------ Exercise inputs
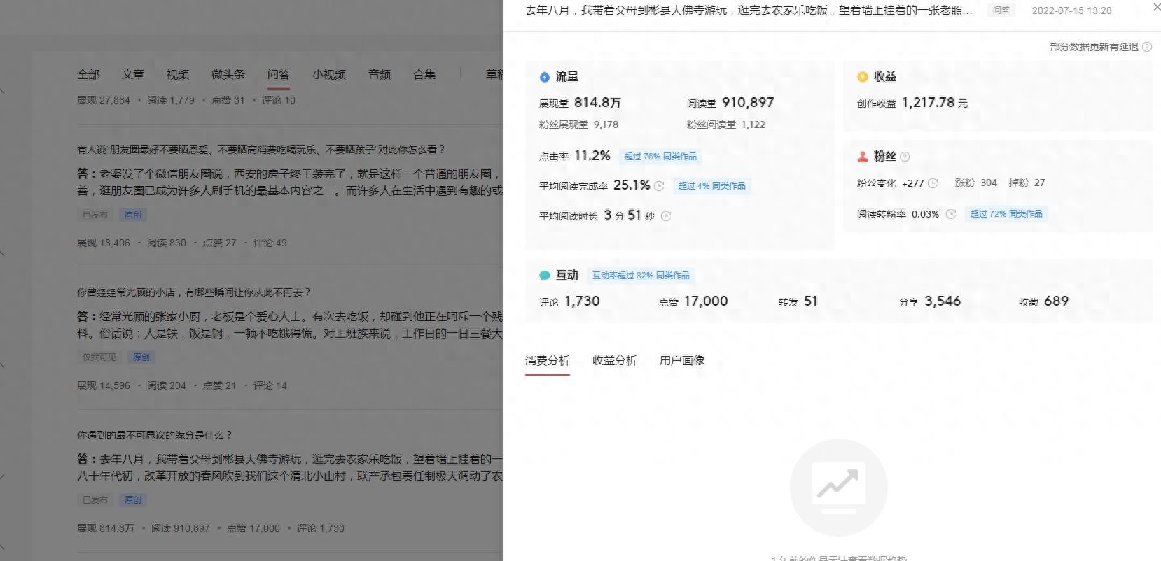 去年头条新规则出台后,问答就没有那么吃香了,甚至一段时间比微头条的千次阅读收益还低。但慢慢又涨了上来。
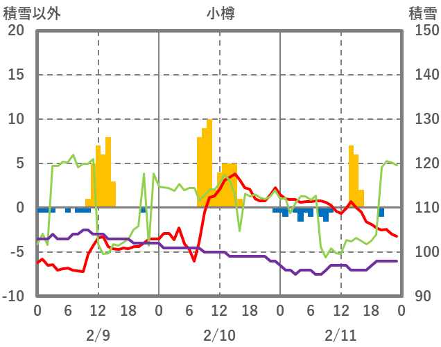 | 日 | 時 | 気温 | 降水 | 風向/風速 | 日照 | 積雪 | 降雪 |
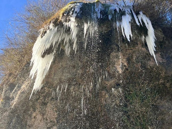 Il rialzo termico degli ultimi anni ha reso la formazione della cascata di ghiaccio un evento sempre più raro e difficile da ammirare. In questi giorni, complice le temperature minime scese abbondantemente sotto lo zero, la cascata è tornata. E questa mattina in molti tra varesini e automobilisti che percorrono la statale 233 della Valganna, si sono fermati per qualche scatto dal sapore decisamente invernale.
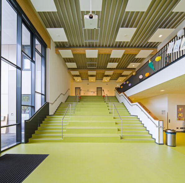 Der Hortbereich grenzt an eine 198 qm große Multifunktionshalle mit abtrennbarer Mensa und einer separaten Essensausgabe (30 qm).
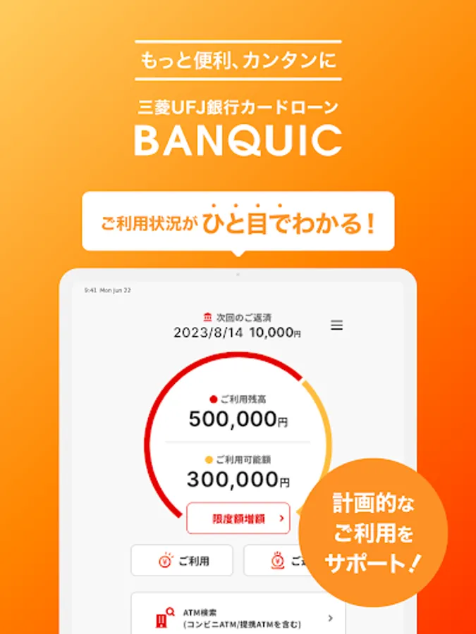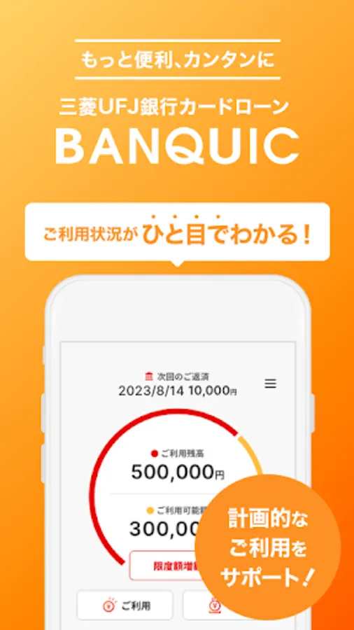 ・Immediate confirmation of important information such as "Balance", "Available amount", "Next repayment date", "Next repayment amount", "Notice from Banquick", etc., supports planned use.
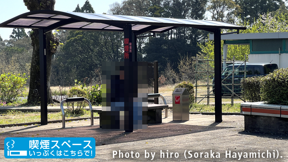 身障者・二輪車向け駐車場の奥手に喫煙スペース。車庫入れに使うカーポートをそのまま流用している。
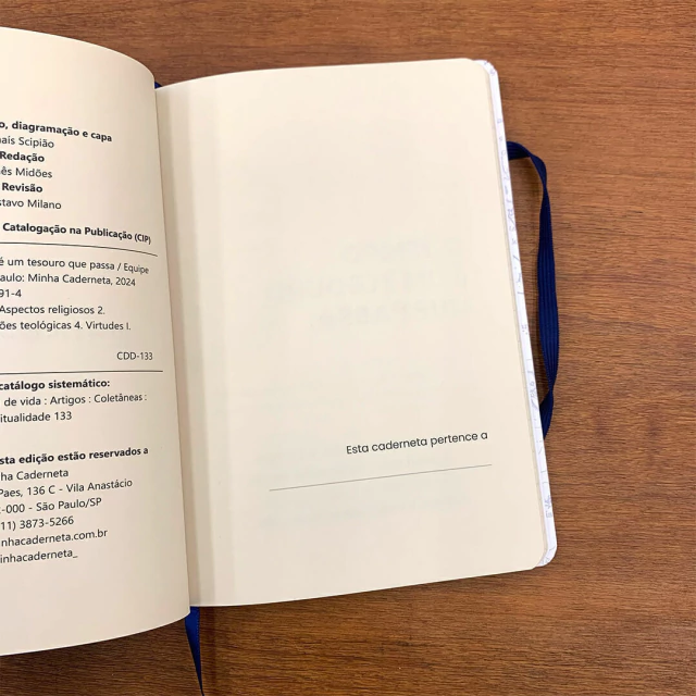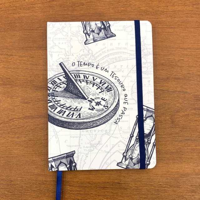 - Capa dura, elástico de fechamento e tilho de marcação;
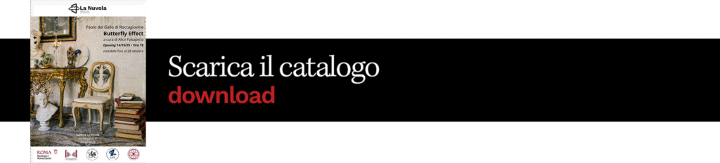 La Galleria La Nuvola di Via Margutta è lieta d’ospitare, martedì 14 ottobre 2025 alle ore 18, la personale di Paolo del Gallo di Roccagiovine (Roma, 1995), a cura di Alice Falsaperla e con l’intervento critico di Elio Pecora. L’evento è inaugurato in occasione della Notte Bianca, iniziativa indetta dall’Associazione Via Margutta, che patrocina l’evento insieme al Comune di Roma. Dal titolo Butterfly Effect, la mostra pone come fulcro il tema della farfalla, simbolo universale di metamorfosi, fragilità e rinascita.
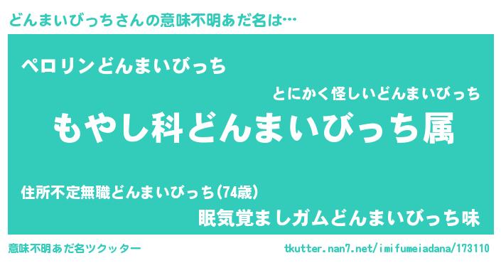 | 男性向けラノベタイトル風あだ名 | 『どんまいびっちに滅ぼされるだけの簡単なお仕事です』 |
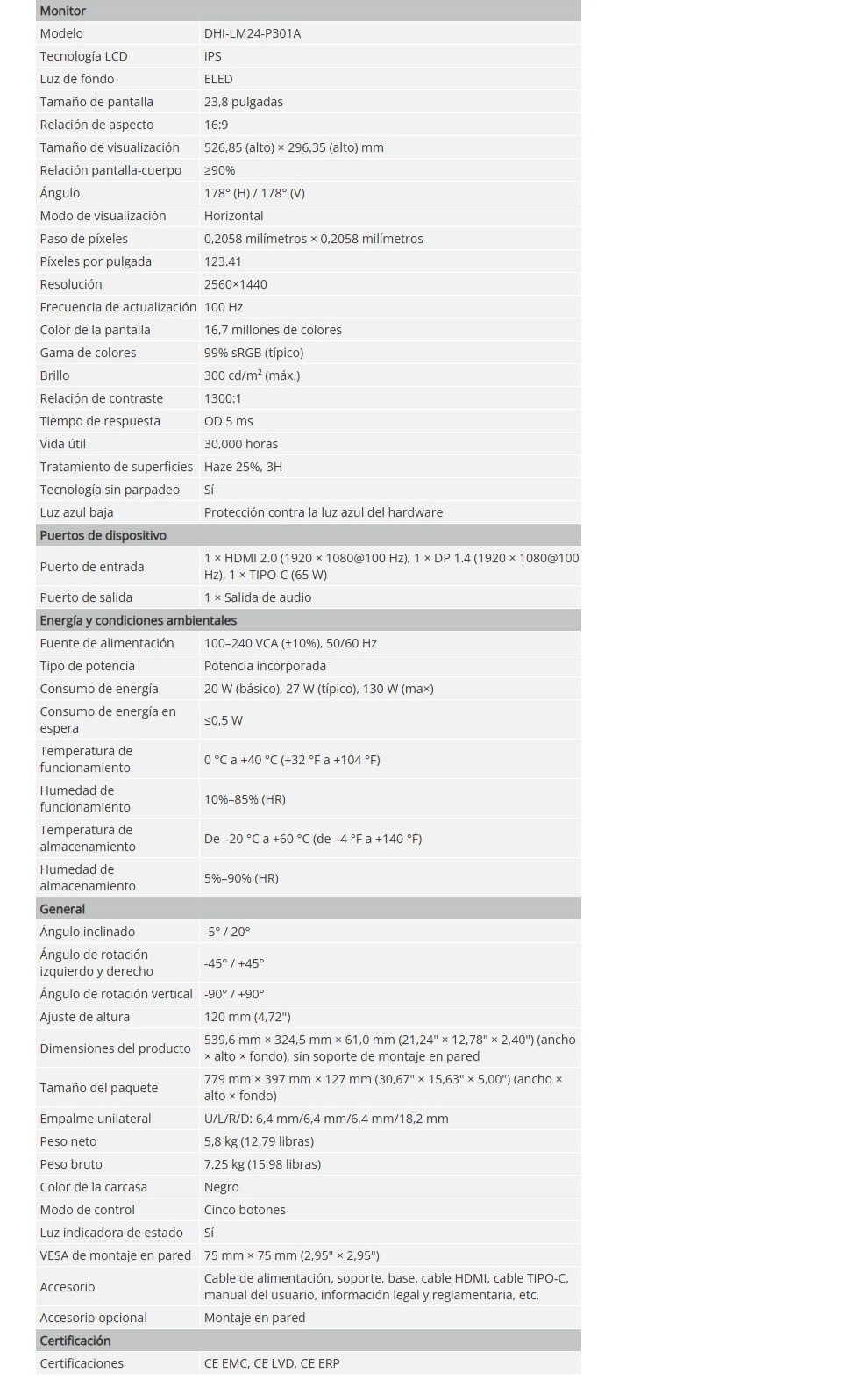 Monitor DAHUA LM24-P301A LED 23.8″ – 2560×1440 Quad HD, Panel IPS, 75Hz, Hdmi, Dp, 1MS, Vesa, Sin Bordes, Negro
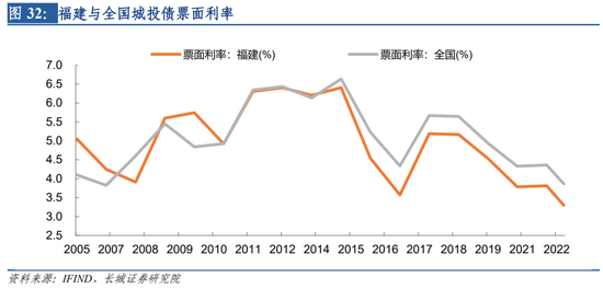全国城投债票面利率自2018年以来进入持续下滑的趋势。同花顺数据显示,2021年全国城投债票面利率为4.36%,较2018年下滑128BP;近十年来,福建城投债利率均低于全国水平,且自2014年以来呈现相近的下滑趋势,较2018年下滑136BP,发行成本进一步压缩。今年截至7月31日,福建省城投债票面利率为3.30%,比全国利率低36BP,低于全国平均水平。
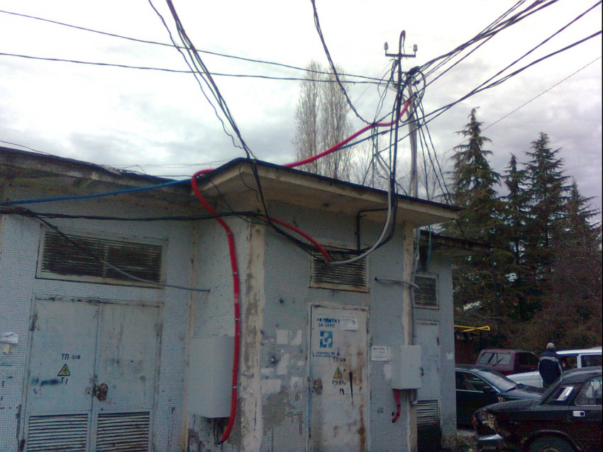 , причем совсем недавно толстенный такой провод вел прямо к Ресторану «РИС», сейчас правда его там нет, но зато все ларьки подключены к несчастной высотке!
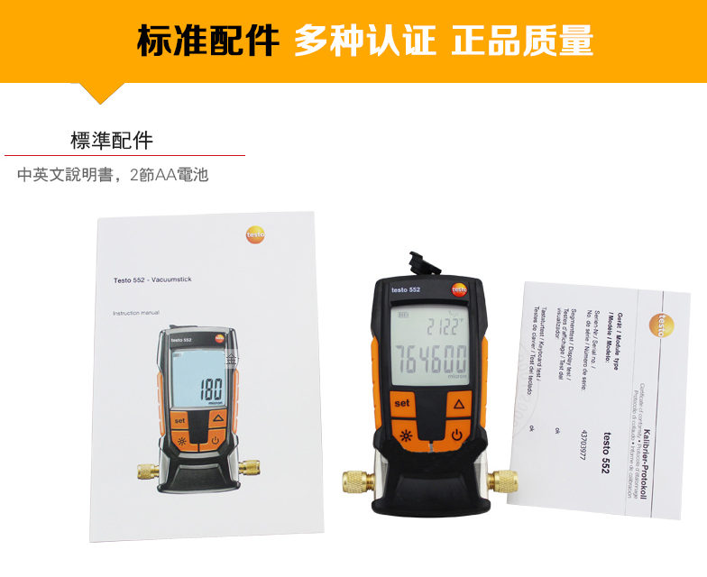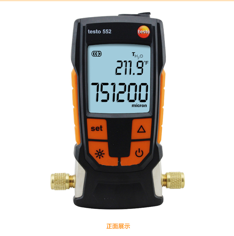testo 552 是一款数字式真空表,适用于制冷及热泵系统的真空度检测。除此之外,用户还能精确判断系统的除湿程度及杂质的去除程度 (例如:油,杂质气体等)。不同于其他的真空表,testo 552 是当前市场中,唯一一款采用免维护的绝对压力传感器,并可实现现场校准。
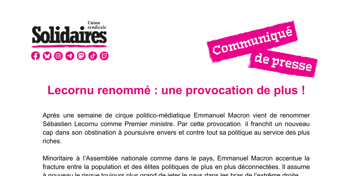 Après une semaine de cirque politico-médiatique Emmanuel Macron vient de renommer Sébastien Lecornu comme Premier ministre. Par cette provocation, il franchit un nouveau cap dans son obstination à poursuivre envers et contre tout sa politique au service des plus riches.
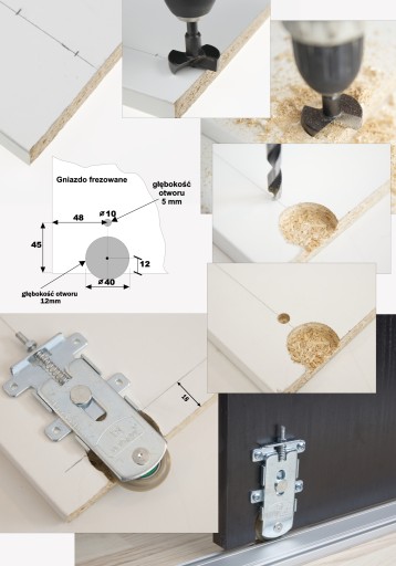 Dla ułatwienia montażu można dokupić, dostępny na innej aukcji, szablon do wykonania otworów pod wózek w płycie.
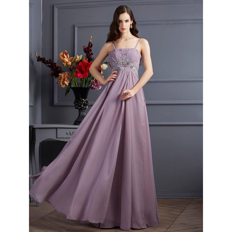 Empire Spaghetti Straps Sleeveless Beading Long Chiffon Dresses
------------
**The task:** Repeat the records above exactly, without pictures.

**Result for this task:**
 去年头条新规则出台后,问答就没有那么吃香了,甚至一段时间比微头条的千次阅读收益还低。但慢慢又涨了上来。
 | 日 | 時 | 気温 | 降水 | 風向/風速 | 日照 | 積雪 | 降雪 |
 Il rialzo termico degli ultimi anni ha reso la formazione della cascata di ghiaccio un evento sempre più raro e difficile da ammirare. In questi giorni, complice le temperature minime scese abbondantemente sotto lo zero, la cascata è tornata. E questa mattina in molti tra varesini e automobilisti che percorrono la statale 233 della Valganna, si sono fermati per qualche scatto dal sapore decisamente invernale.
 Der Hortbereich grenzt an eine 198 qm große Multifunktionshalle mit abtrennbarer Mensa und einer separaten Essensausgabe (30 qm).
 ・Immediate confirmation of important information such as "Balance", "Available amount", "Next repayment date", "Next repayment amount", "Notice from Banquick", etc., supports planned use.
 身障者・二輪車向け駐車場の奥手に喫煙スペース。車庫入れに使うカーポートをそのまま流用している。
 - Capa dura, elástico de fechamento e tilho de marcação;
 La Galleria La Nuvola di Via Margutta è lieta d’ospitare, martedì 14 ottobre 2025 alle ore 18, la personale di Paolo del Gallo di Roccagiovine (Roma, 1995), a cura di Alice Falsaperla e con l’intervento critico di Elio Pecora. L’evento è inaugurato in occasione della Notte Bianca, iniziativa indetta dall’Associazione Via Margutta, che patrocina l’evento insieme al Comune di Roma. Dal titolo Butterfly Effect, la mostra pone come fulcro il tema della farfalla, simbolo universale di metamorfosi, fragilità e rinascita.
 | 男性向けラノベタイトル風あだ名 | 『どんまいびっちに滅ぼされるだけの簡単なお仕事です』 |
 Monitor DAHUA LM24-P301A LED 23.8″ – 2560×1440 Quad HD, Panel IPS, 75Hz, Hdmi, Dp, 1MS, Vesa, Sin Bordes, Negro
全国城投债票面利率自2018年以来进入持续下滑的趋势。同花顺数据显示,2021年全国城投债票面利率为4.36%,较2018年下滑128BP;近十年来,福建城投债利率均低于全国水平,且自2014年以来呈现相近的下滑趋势,较2018年下滑136BP,发行成本进一步压缩。今年截至7月31日,福建省城投债票面利率为3.30%,比全国利率低36BP,低于全国平均水平。
 , причем совсем недавно толстенный такой провод вел прямо к Ресторану «РИС», сейчас правда его там нет, но зато все ларьки подключены к несчастной высотке!
testo 552 是一款数字式真空表,适用于制冷及热泵系统的真空度检测。除此之外,用户还能精确判断系统的除湿程度及杂质的去除程度 (例如:油,杂质气体等)。不同于其他的真空表,testo 552 是当前市场中,唯一一款采用免维护的绝对压力传感器,并可实现现场校准。
 Après une semaine de cirque politico-médiatique Emmanuel Macron vient de renommer Sébastien Lecornu comme Premier ministre. Par cette provocation, il franchit un nouveau cap dans son obstination à poursuivre envers et contre tout sa politique au service des plus riches.
 Dla ułatwienia montażu można dokupić, dostępny na innej aukcji, szablon do wykonania otworów pod wózek w płycie.
 Empire Spaghetti Straps Sleeveless Beading Long Chiffon Dresses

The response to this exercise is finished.